# Assignment
Nothing except the pictures should be left out when you reproduce the listing exactly.

# Information supplied
____________________

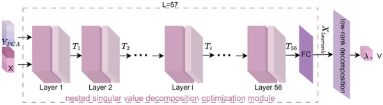 - To further enhance the independence and effectiveness of feature representation, the singular vectors and at layer i are subjected to stronger constraints by the low-rank constraint objective function . The low-rank constraint objective function consists primarily of the signal matching term, regularization term, and orthogonality constraint term [46], as shown in Equation (1).
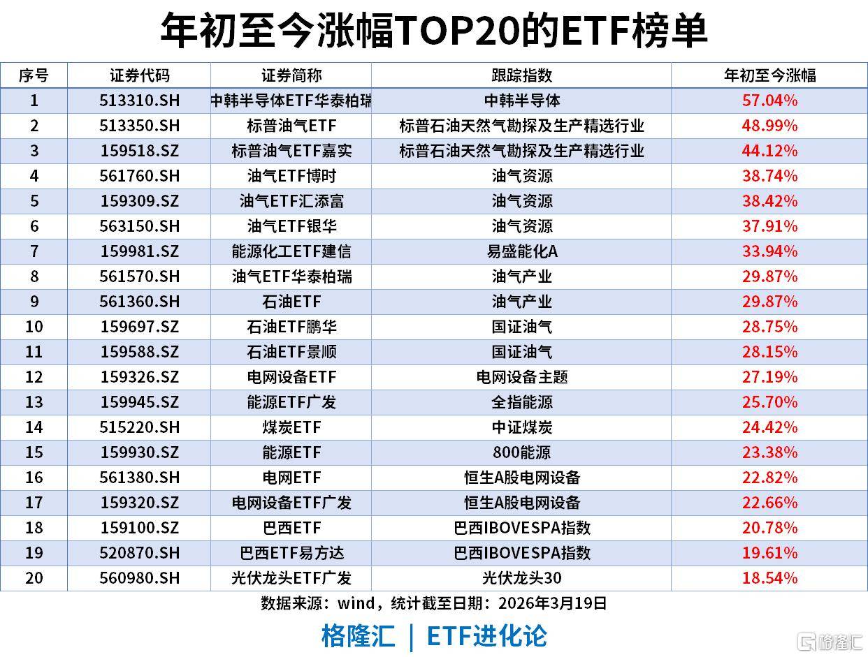 年初至今涨幅(fu)TOP20ETF(截(jie)至2026-03-19)
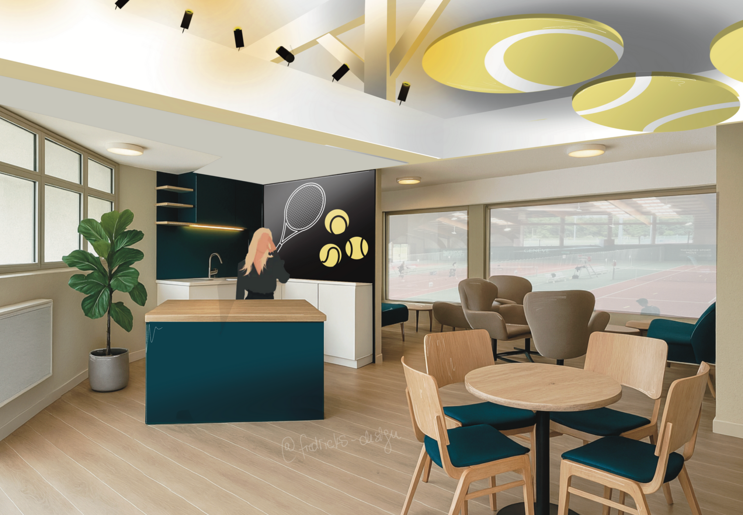 Teintes vertes et jaunes, en écho aux couleurs du tennis et à l’univers du club,
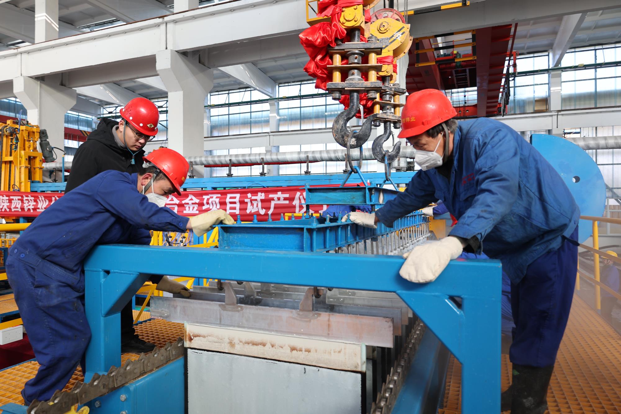龙腾虎跃辞旧岁,银蛇舞动迎新春!2025年元月1日,陕西锌业公司8万吨锌基合金项目试生产仪式隆重举行,随着公司党委副书记、总经理徐靖一声令下,“陕西锌业公司8万吨锌基合金生产线试生产开始┈┈”,第一吊锌片顺利出槽,在行车的牵引下缓缓移向自动剥锌机,产出合格产品,标志着项目正式进入试产阶段,参与项目建设的20余家单位齐聚试产现场,共同见证这一伟大历史时刻。

____________________

# Worked solution
 - To further enhance the independence and effectiveness of feature representation, the singular vectors and at layer i are subjected to stronger constraints by the low-rank constraint objective function . The low-rank constraint objective function consists primarily of the signal matching term, regularization term, and orthogonality constraint term [46], as shown in Equation (1).
 年初至今涨幅(fu)TOP20ETF(截(jie)至2026-03-19)
 Teintes vertes et jaunes, en écho aux couleurs du tennis et à l’univers du club,
龙腾虎跃辞旧岁,银蛇舞动迎新春!2025年元月1日,陕西锌业公司8万吨锌基合金项目试生产仪式隆重举行,随着公司党委副书记、总经理徐靖一声令下,“陕西锌业公司8万吨锌基合金生产线试生产开始┈┈”,第一吊锌片顺利出槽,在行车的牵引下缓缓移向自动剥锌机,产出合格产品,标志着项目正式进入试产阶段,参与项目建设的20余家单位齐聚试产现场,共同见证这一伟大历史时刻。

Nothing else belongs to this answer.